Fariha Razzaq in memoriam: Pakistan’s political heroine

When the news broke that ex-provincial assembly member Fariha Razzaq had been murdered in a horrific incident in her home on 1st February, 2018, alongside her husband, the media was more interested in discussing the details of the crime rather than focusing on why the loss of the victims was so tremendous. While it is okay to report on a high-profile crime, it is also important that people be informed about who the victim was so that it humanizes them.

Here is a glance at the illustrious life of FarihaRazzaq, a Pakistani woman who, despite all odds, rose to become a role model for women in the country.

The birth of an icon

Fariha Razzaq was born on 15th November, 1956, to Abdul Razzaq and Nishat Afzal. She grew up during the 1960s, the Ayub Khan-era which was marked by rapid economic growth and a socially tolerant environment.

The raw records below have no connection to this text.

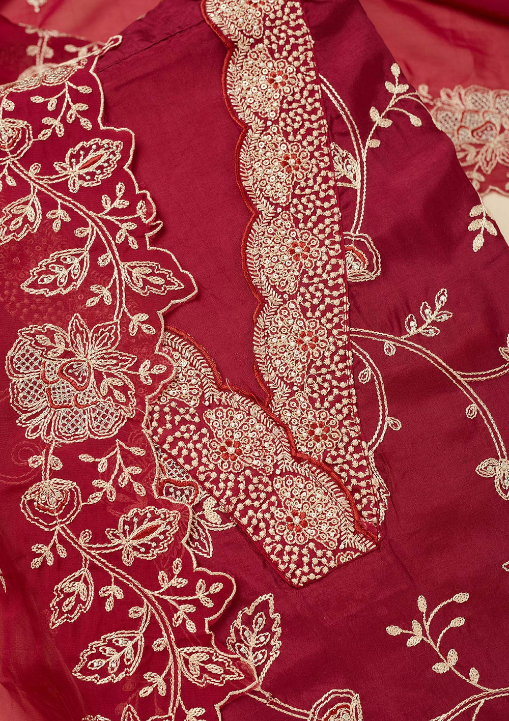 | Wine Zariwork (Gold) Chinon Unstitched Salwar Suit | $129.00 USD | |
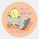 Un autocollant rond orange clair mignon avec une jolie éclosion de poussin à l'encre d'un oeuf décoré. Le texte dit "Bonne Pâques". Personnalisez-le avec le nom de votre famille. Parfait pour utiliser comme scellés d'enveloppe ou pour décorer des cadeaux. © ArianeC Illustrations-Tous droits réservés
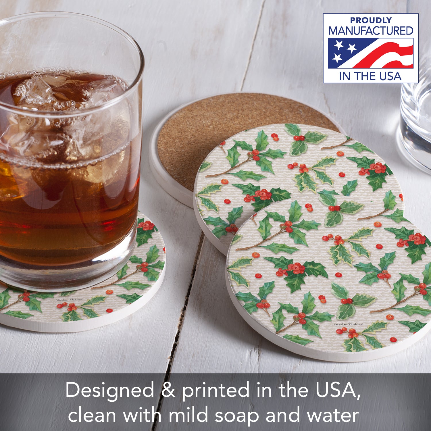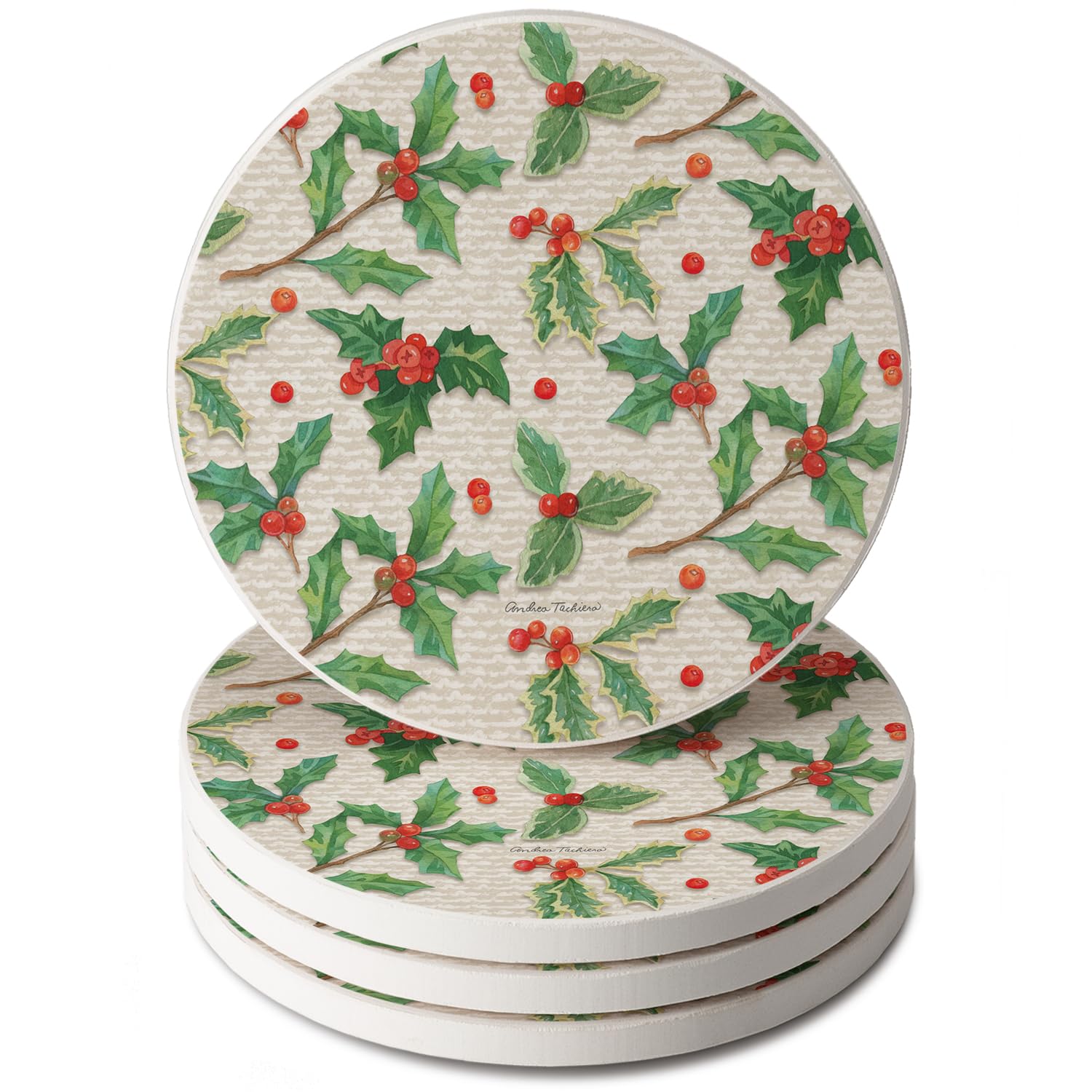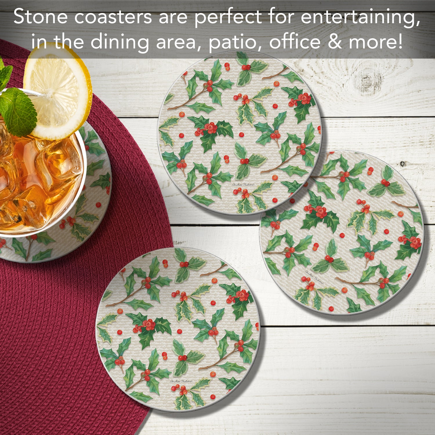 Thirstystone Happy Holly 4 Pack Round Absorbent Stone Coasters 4" Diameter
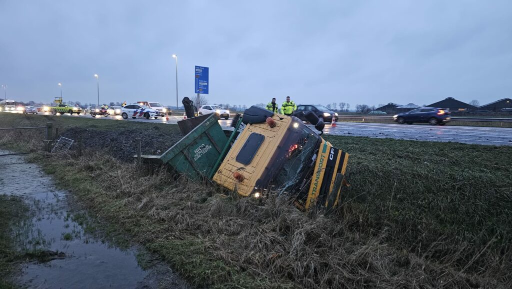Het ongeluk gebeurde op de rijbaan in noordelijke richting tussen knooppunt Boterdiep en Noordwolde. De politie en een ambulance waren snel ter plaatse. De bestuurder van de vrachtwagen werd nagekeken door ambulancepersoneel.
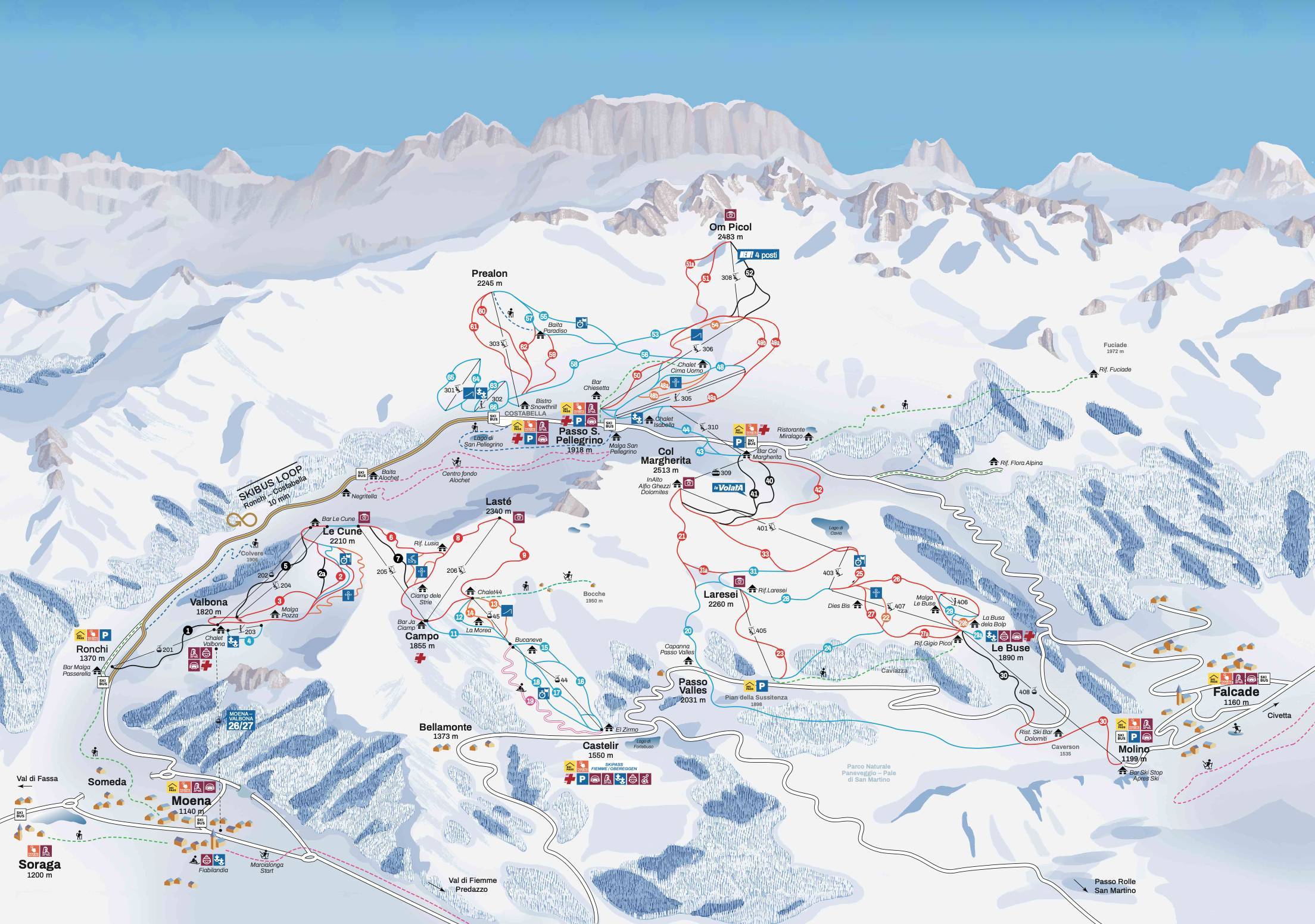 Pistekaart Alpe Lusia / San Pellegrino seizoen 2025/2026
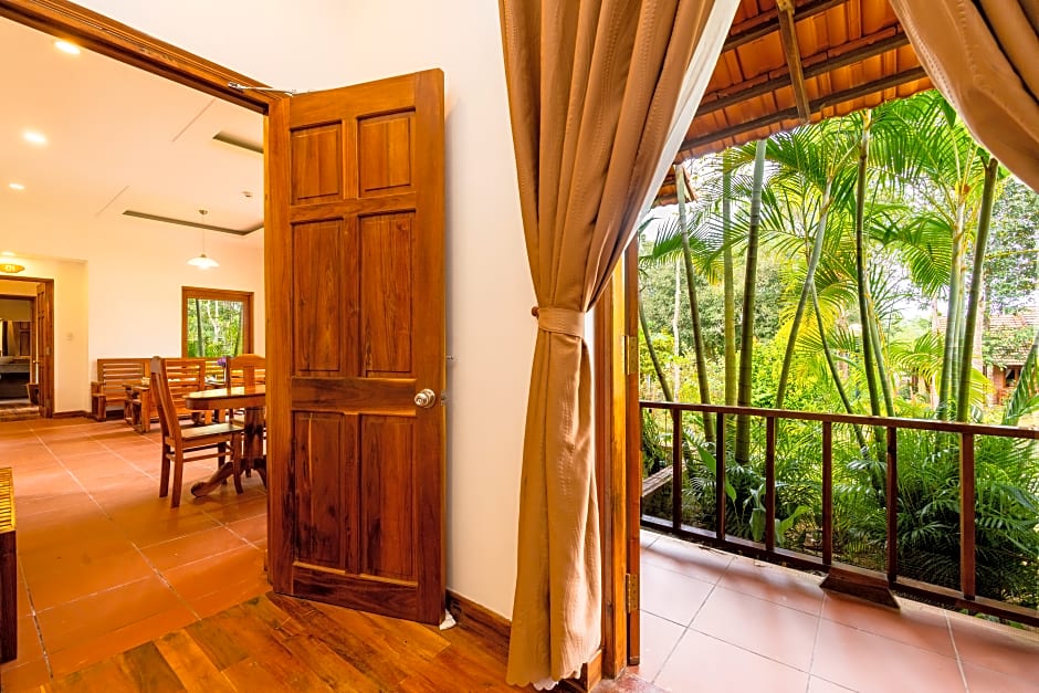 The resort is located at the end of a street, with the jungle just behind it. This makes the resort very tranquil. The resort sits in a lush garden and during the evenings you hear the toads/frogs and all kinds of animal noises, which I really loved. We even saw monkeys in the trees behind our room almost every morning. The pool is amazing and we loved the evening dips after a long day of touring the island. The beds are really comfortable and they clean your room and change towels every day if you wish so. The receptionists are very friendly and the cleaners are lovely ladies. It is a bit isolated, but if you rent your own motor bike, this is a perfect place to stay. We booked this place for 4 nights to unwind after traveling vietnam for 5 weeks, but ended up booking 3 more nights and stayed 1 whole week. I think that says enough!!! I really recommend this place if you're looking to chill.
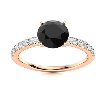Natural 1.97 CTW Onyx & Diamond Engagement Ring 18K Rose Gold
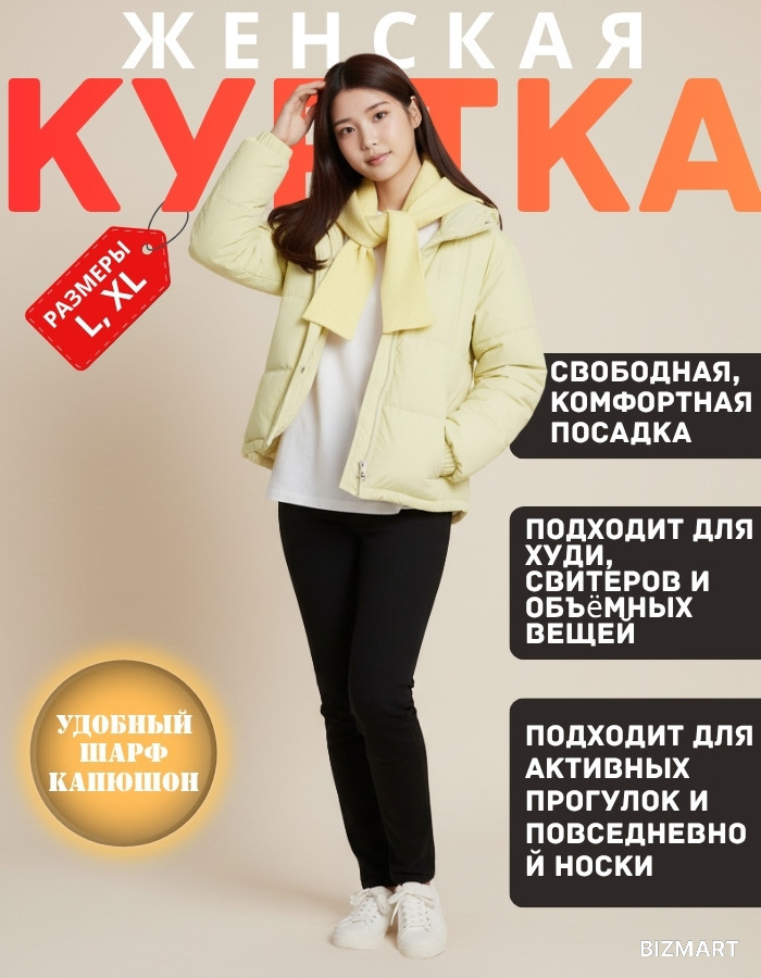 Удобная и тёплая женская куртка классического силуэта — отличный вариант для повседневной носки в холодное время года. Модель выполнена без оверсайз-посадки, благодаря чему аккуратно подчёркивает фигуру и обеспечивает комфортную посадку. В комплект входит функциональный шарф-капюшон, который можно носить как отдельный аксессуар или использовать для защиты от ветра и холода.
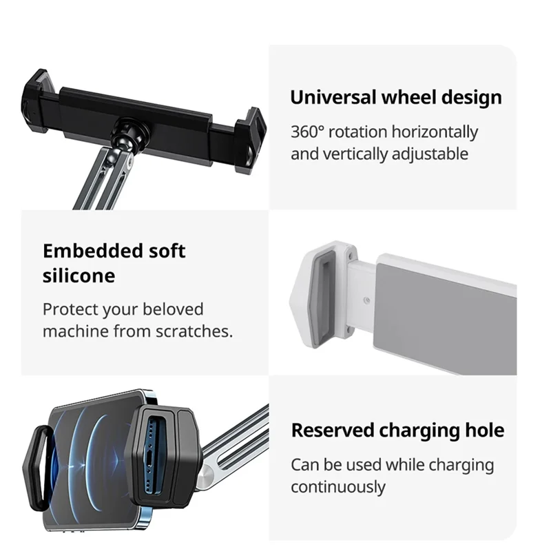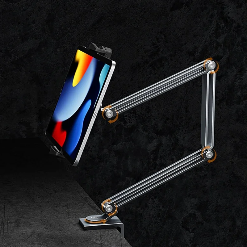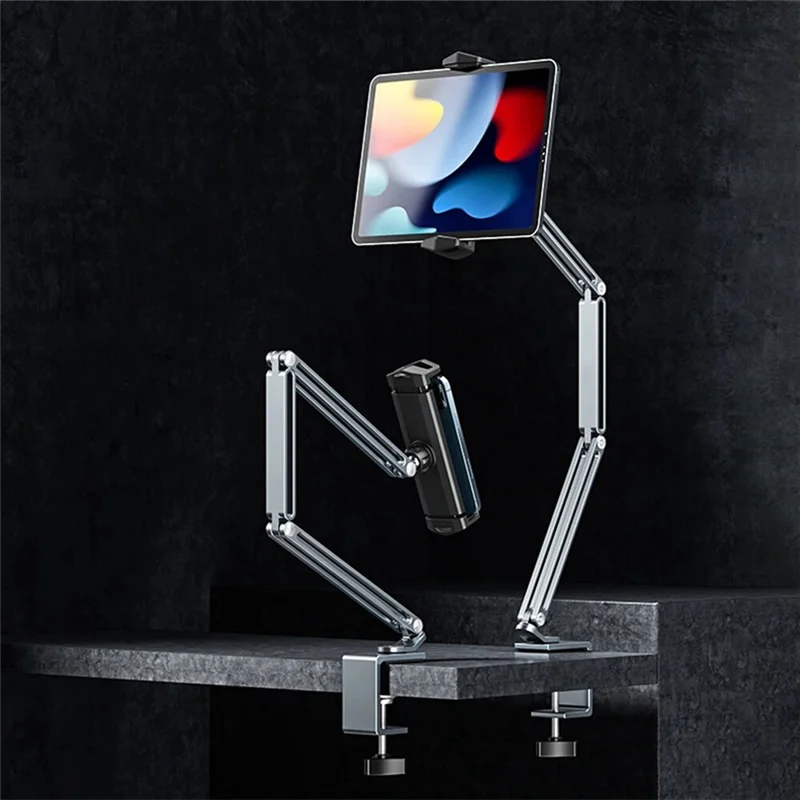 Soporte de montaje de brazo de aluminio resistente: el brazo de aluminio del soporte proporciona un soporte estable y seguro para su dispositivo, asegurando que permanezca en su lugar mientras trabaja.

She studied at the prestigious Covenant of Jesus and Mary in Murree, from where she went on to the National Defence University. She supplemented this by studying Communications & Journalism Innovation at Stanford University, USA, and English Literature and French from Kinnaird College Lahore, Pakistan. She also completed a Fellowship in Social Justice & Democracy at University College London, UK. What she witnessed during this period influenced her views for the rest of her life.

A series of life-changing events

Eventually, the 1970s rolled around, and she was witness to a coup d’état that toppled the legendary Pakistan Peoples’ Party Prime Minister, Zulfiqar Ali Bhutto. Seeing this horrible injustice, and the collapse of the peaceful and tolerant Pakistan she had grown to love under the dictatorship of General Zia-ul-Haq, she was driven to politics.

She initially became a journalist, and she quickly gained prominence. Razzaq earned a number of steep accolades, including the Pakistan Newspaper Society Award in 1994 and the Outstanding Journalist in South Asia Award in 2000. She became a recipient of the Lorenzo Natali Prize for Journalism in 2000 for a Dawn Magazine article titled ‘Women Are Falling Behind‘.

The high point

After her successful career as a journalist, she took her career to the next level by successfully getting elected to the Sindh Provincial Assembly in 2002 as a representative of the same party as her life’s icon, Z.A. Bhutto, the PPP. Her time as a representative of the people was very successful, demonstrated by the fact that in 2004 she was awarded the coveted Madar-e-Millat award by the Government of Pakistan and the Annual Muslim Award by the House of Lords, UK. She was also recognised in the esteemed Pakistan Power 100 list for her commitment to democracy and human rights.

This was the illustrious life of Fariha Razzaq; a woman who should not be remembered by a gruesome crime so much as she should be for her hard work in the interests of Pakistan.